Потом Интеграл носил Дроздова по тундре на коротенькой, согнутой в локте ручке, а другой поглаживал его и снова говорил монотонно, без всякого выражения, приблизительно так же, как говорил с ним недавно плотный круг крохотных Шевыревых:

— Спи. Бай-бай. Ужасно много хлопот с этими самыми реальностями! Ни с чем другим нет и не может быть столько хлопот и вообще, неизвестно чего… Спи, бесконечно малая величина… Во сне ты ведешь себя более или менее прилично.
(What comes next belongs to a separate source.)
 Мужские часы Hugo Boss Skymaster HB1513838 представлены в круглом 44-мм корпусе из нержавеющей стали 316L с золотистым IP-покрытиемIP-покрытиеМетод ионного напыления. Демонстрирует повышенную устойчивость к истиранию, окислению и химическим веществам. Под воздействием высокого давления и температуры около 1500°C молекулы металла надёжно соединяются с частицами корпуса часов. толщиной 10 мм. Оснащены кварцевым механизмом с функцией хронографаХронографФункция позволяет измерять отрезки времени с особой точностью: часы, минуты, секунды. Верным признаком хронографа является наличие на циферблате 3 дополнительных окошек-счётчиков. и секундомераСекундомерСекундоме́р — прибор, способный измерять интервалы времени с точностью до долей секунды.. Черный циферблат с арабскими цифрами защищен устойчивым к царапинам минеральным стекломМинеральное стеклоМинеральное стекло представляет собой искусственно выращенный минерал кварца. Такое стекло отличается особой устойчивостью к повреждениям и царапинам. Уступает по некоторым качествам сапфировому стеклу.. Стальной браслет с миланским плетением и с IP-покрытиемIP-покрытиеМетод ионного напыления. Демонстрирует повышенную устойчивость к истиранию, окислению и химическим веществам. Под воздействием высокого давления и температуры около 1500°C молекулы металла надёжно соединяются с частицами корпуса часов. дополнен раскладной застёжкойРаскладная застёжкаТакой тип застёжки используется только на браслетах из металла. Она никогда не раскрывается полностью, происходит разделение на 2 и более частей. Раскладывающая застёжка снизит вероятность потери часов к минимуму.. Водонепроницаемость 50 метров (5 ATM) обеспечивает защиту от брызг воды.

Дроздов с высоты, на которой его убаюкивал Интеграл, с тревогой обозревал местность: тундру, а в тундре свою метеоплощадку. Ему было не по себе при этом.
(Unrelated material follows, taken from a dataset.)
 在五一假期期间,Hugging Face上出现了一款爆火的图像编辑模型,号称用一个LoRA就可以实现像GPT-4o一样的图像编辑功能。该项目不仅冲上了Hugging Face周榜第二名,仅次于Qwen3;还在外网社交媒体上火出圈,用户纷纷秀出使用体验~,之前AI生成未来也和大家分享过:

А Интеграл и еще приподнял Дроздова, проделал несколько манипуляций пальцами коротких ручек и вставил его на то место, где только что было его собственное, Интегралово лицо в виде спирали.

— Удивительно, как ты это можешь! — сказал Дроздов, оглядевшись по сторонам с новой позиции и затревожившись еще больше.

— Пустяки! Как ты теперь себя чувствуешь?

— Не сказал бы, что условия нормальные. Голова у меня как будто и на месте, а вот ноги ощущают избыток высоты.

— Привередничаешь! — рассердился Интеграл. — Все тебе не так, все тебе не то. Печень у тебя не больна?

— Печень у меня здоровая.

— А почки?

— Почки ничего. В порядке.

— Ну, то-то. В общем-то, я ведь с тобой согласен — обременительно быть слишком высоким. Тем более — слишком высоким понятием… Многие этого не понимают. И не хотят понять. Почти принципиально не хотят. Ты вот что, ты, может, из зависти жалуешься?

— На что? Жалуюсь?

— На это вот свое высокое положение?

— Я жалуюсь не из-за чего. Не из-за печени, не из зависти, не из страха. Я жалуюсь стерильной жалобой, безо всяких примесей.

— Какой чистюля!

— Будешь тут чистюля!

— Гордость бесконечно малой величины? — вздохнул Интеграл. — Почти полное отсутствие массы. Да?

Тут Дроздов удивился:

— При чем тут масса?

— Ну, как же! Представим себе, что средний рост людей был бы, положим, десять метров. Следовательно, у человечества была бы совсем другая история, то есть другая судьба. Будь каждая молекула в три раза больше или меньше, чем она есть сегодня, все вещество было бы другим. Будь земной шар хотя бы на десять процентов легче или тяжелее, у него была бы другая орбита, другая атмосфера, все другое. Отсюда вытекает, что у каждой массы своя судьба, а у каждой судьбы своя масса. У тебя какое образование, Дроздов? Уж не собираешься ли ты в аспирантуру?

— Типичный механический подход! — возмутился Дроздов, не отвечая прямо на поставленный вопрос и торопливо вспоминая, что же и как совсем недавно он думал наедине с самим собой о природных механизмах и механизации.

— Там, где механика, там точность. Там истина, — продолжал между тем Интеграл. — А если употребить общедоступную терминологию, там справедливость. Да ты же и сам недавно говорил, что реальность, если она хочет быть толковой, должна обладать идеальной механикой. Так, кажется?.. Тебе не нравится эта высота? Странно! Тогда я сяду тебе на колени и ты побаюкаешь меня.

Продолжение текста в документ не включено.